Task data START

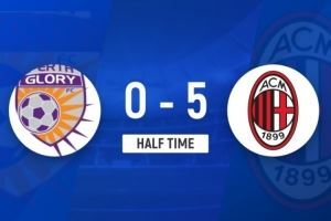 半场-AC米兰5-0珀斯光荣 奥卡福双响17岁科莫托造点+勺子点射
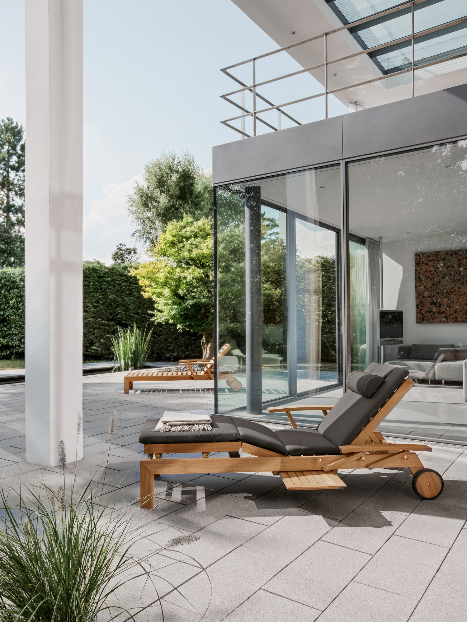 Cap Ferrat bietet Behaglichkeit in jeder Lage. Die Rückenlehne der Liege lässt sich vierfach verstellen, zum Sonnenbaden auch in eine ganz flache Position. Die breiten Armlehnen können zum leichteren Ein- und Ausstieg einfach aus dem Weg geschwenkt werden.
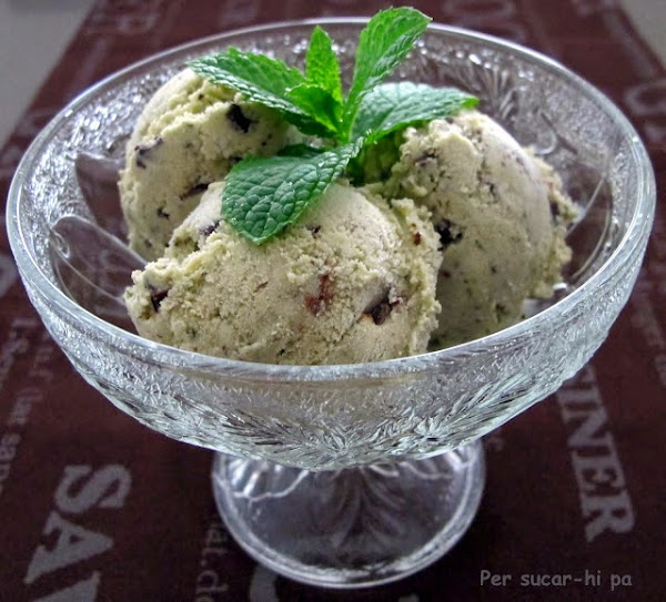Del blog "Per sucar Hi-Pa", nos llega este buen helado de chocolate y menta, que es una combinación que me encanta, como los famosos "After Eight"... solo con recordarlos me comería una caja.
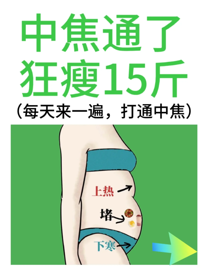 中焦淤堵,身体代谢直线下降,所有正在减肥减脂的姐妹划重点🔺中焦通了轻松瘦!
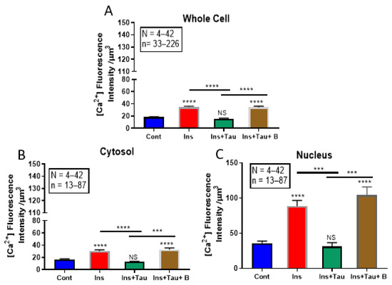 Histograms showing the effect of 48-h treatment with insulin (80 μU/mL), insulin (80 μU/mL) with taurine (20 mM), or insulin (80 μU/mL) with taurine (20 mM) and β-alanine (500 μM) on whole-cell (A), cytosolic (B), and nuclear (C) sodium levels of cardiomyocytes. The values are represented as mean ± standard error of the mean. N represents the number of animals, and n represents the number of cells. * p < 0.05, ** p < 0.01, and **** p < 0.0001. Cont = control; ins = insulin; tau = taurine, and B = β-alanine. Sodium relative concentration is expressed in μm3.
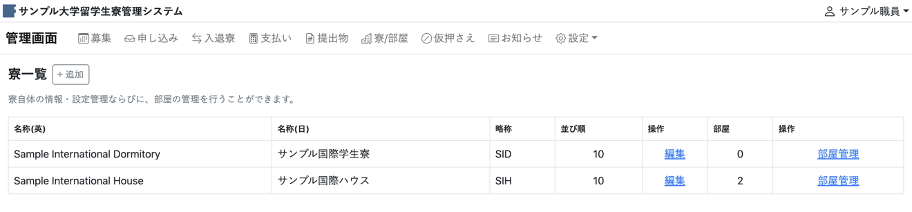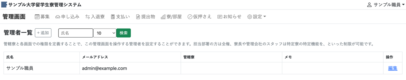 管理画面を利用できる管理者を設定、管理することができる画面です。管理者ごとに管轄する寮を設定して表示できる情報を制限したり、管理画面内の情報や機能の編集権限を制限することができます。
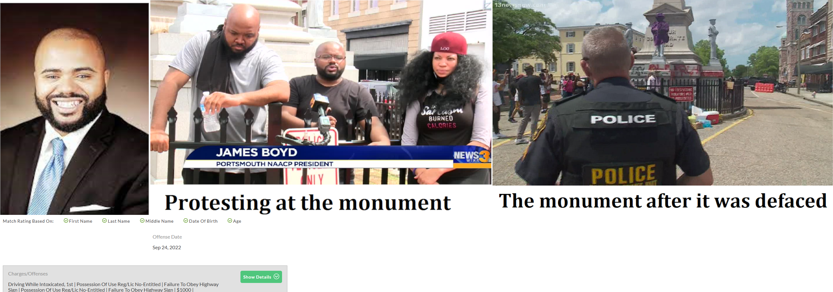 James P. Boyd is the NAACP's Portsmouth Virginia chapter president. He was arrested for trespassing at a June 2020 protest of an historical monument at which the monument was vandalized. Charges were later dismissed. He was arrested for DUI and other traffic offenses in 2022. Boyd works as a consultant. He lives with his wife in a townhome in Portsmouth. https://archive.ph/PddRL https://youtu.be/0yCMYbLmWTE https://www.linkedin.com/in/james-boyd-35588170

Task data END

> _Exercise aim_
Write out all the records again, exactly, minus any pictures.

> _Written solution_
 半场-AC米兰5-0珀斯光荣 奥卡福双响17岁科莫托造点+勺子点射
 Cap Ferrat bietet Behaglichkeit in jeder Lage. Die Rückenlehne der Liege lässt sich vierfach verstellen, zum Sonnenbaden auch in eine ganz flache Position. Die breiten Armlehnen können zum leichteren Ein- und Ausstieg einfach aus dem Weg geschwenkt werden.
Del blog "Per sucar Hi-Pa", nos llega este buen helado de chocolate y menta, que es una combinación que me encanta, como los famosos "After Eight"... solo con recordarlos me comería una caja.
 中焦淤堵,身体代谢直线下降,所有正在减肥减脂的姐妹划重点🔺中焦通了轻松瘦!
 Histograms showing the effect of 48-h treatment with insulin (80 μU/mL), insulin (80 μU/mL) with taurine (20 mM), or insulin (80 μU/mL) with taurine (20 mM) and β-alanine (500 μM) on whole-cell (A), cytosolic (B), and nuclear (C) sodium levels of cardiomyocytes. The values are represented as mean ± standard error of the mean. N represents the number of animals, and n represents the number of cells. * p < 0.05, ** p < 0.01, and **** p < 0.0001. Cont = control; ins = insulin; tau = taurine, and B = β-alanine. Sodium relative concentration is expressed in μm3.
 管理画面を利用できる管理者を設定、管理することができる画面です。管理者ごとに管轄する寮を設定して表示できる情報を制限したり、管理画面内の情報や機能の編集権限を制限することができます。
 James P. Boyd is the NAACP's Portsmouth Virginia chapter president. He was arrested for trespassing at a June 2020 protest of an historical monument at which the monument was vandalized. Charges were later dismissed. He was arrested for DUI and other traffic offenses in 2022. Boyd works as a consultant. He lives with his wife in a townhome in Portsmouth. https://archive.ph/PddRL https://youtu.be/0yCMYbLmWTE https://www.linkedin.com/in/james-boyd-35588170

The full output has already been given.